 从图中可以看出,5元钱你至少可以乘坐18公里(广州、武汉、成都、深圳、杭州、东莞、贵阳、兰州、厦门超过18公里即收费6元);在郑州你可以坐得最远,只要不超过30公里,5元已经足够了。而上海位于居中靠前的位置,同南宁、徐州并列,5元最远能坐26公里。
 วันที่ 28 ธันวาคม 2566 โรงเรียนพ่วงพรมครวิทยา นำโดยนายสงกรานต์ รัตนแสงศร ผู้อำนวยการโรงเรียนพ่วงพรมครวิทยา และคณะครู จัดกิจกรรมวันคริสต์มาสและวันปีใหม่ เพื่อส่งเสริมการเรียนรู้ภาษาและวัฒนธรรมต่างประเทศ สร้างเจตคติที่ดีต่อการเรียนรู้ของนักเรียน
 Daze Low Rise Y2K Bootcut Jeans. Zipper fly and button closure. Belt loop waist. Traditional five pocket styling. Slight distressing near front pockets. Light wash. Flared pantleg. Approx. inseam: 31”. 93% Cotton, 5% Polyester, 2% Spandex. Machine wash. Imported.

+++

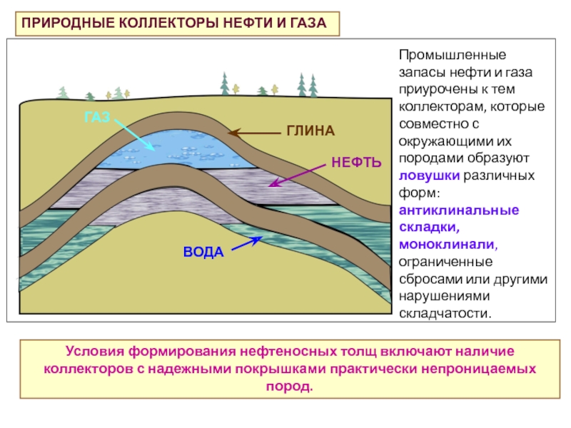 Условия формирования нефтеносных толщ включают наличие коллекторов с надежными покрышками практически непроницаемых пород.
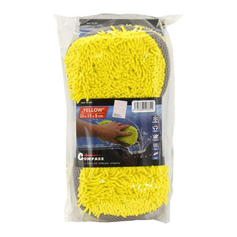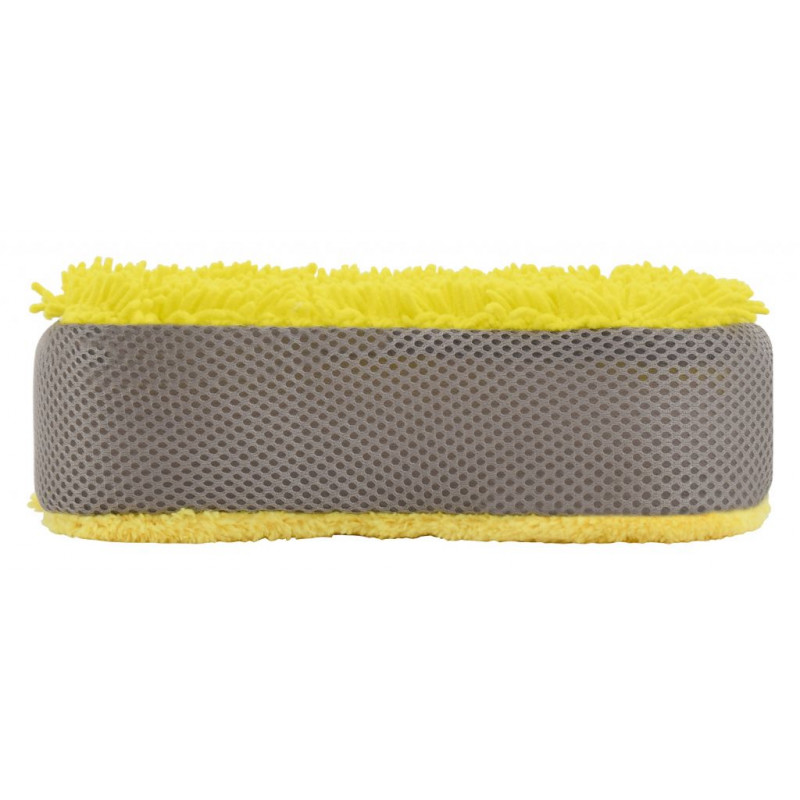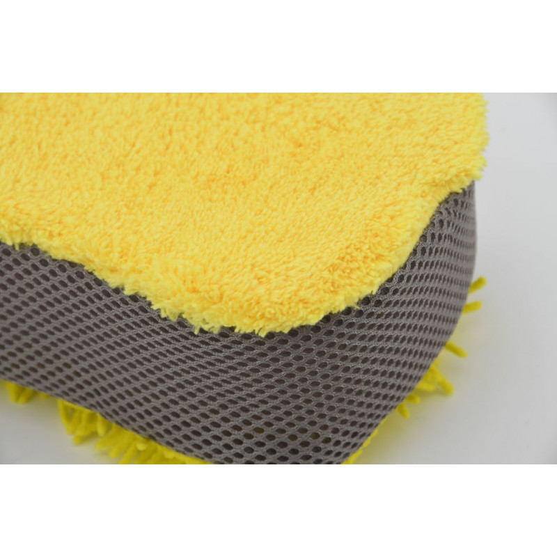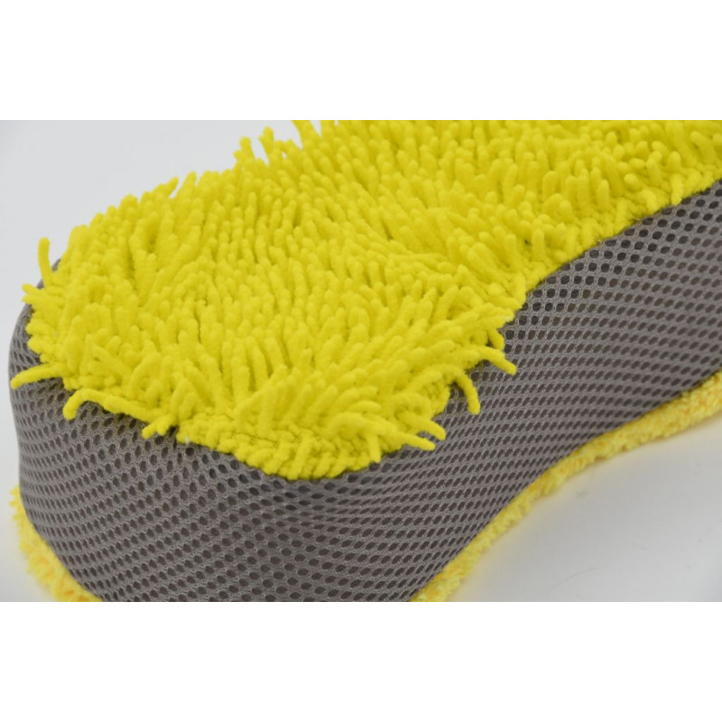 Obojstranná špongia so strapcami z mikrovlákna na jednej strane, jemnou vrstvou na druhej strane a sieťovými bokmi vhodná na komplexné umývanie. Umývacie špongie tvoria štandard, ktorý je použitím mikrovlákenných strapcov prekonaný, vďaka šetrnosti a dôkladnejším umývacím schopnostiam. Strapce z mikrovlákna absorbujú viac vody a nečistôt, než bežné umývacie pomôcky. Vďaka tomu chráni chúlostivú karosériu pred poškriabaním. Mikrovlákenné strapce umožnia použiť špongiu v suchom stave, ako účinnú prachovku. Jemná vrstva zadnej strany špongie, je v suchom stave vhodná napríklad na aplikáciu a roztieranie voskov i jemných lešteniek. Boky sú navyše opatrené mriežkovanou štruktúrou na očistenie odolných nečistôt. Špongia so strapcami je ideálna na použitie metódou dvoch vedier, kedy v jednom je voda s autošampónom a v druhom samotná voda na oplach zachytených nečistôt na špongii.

+++

- [Aim of the task]: Working from the records above, write out verbatim only the lines from the line containing "วันที่ 28 ธันวาคม" through the line containing "Daze Low Rise".

- [Answer box]:
 วันที่ 28 ธันวาคม 2566 โรงเรียนพ่วงพรมครวิทยา นำโดยนายสงกรานต์ รัตนแสงศร ผู้อำนวยการโรงเรียนพ่วงพรมครวิทยา และคณะครู จัดกิจกรรมวันคริสต์มาสและวันปีใหม่ เพื่อส่งเสริมการเรียนรู้ภาษาและวัฒนธรรมต่างประเทศ สร้างเจตคติที่ดีต่อการเรียนรู้ของนักเรียน
 Daze Low Rise Y2K Bootcut Jeans. Zipper fly and button closure. Belt loop waist. Traditional five pocket styling. Slight distressing near front pockets. Light wash. Flared pantleg. Approx. inseam: 31”. 93% Cotton, 5% Polyester, 2% Spandex. Machine wash. Imported.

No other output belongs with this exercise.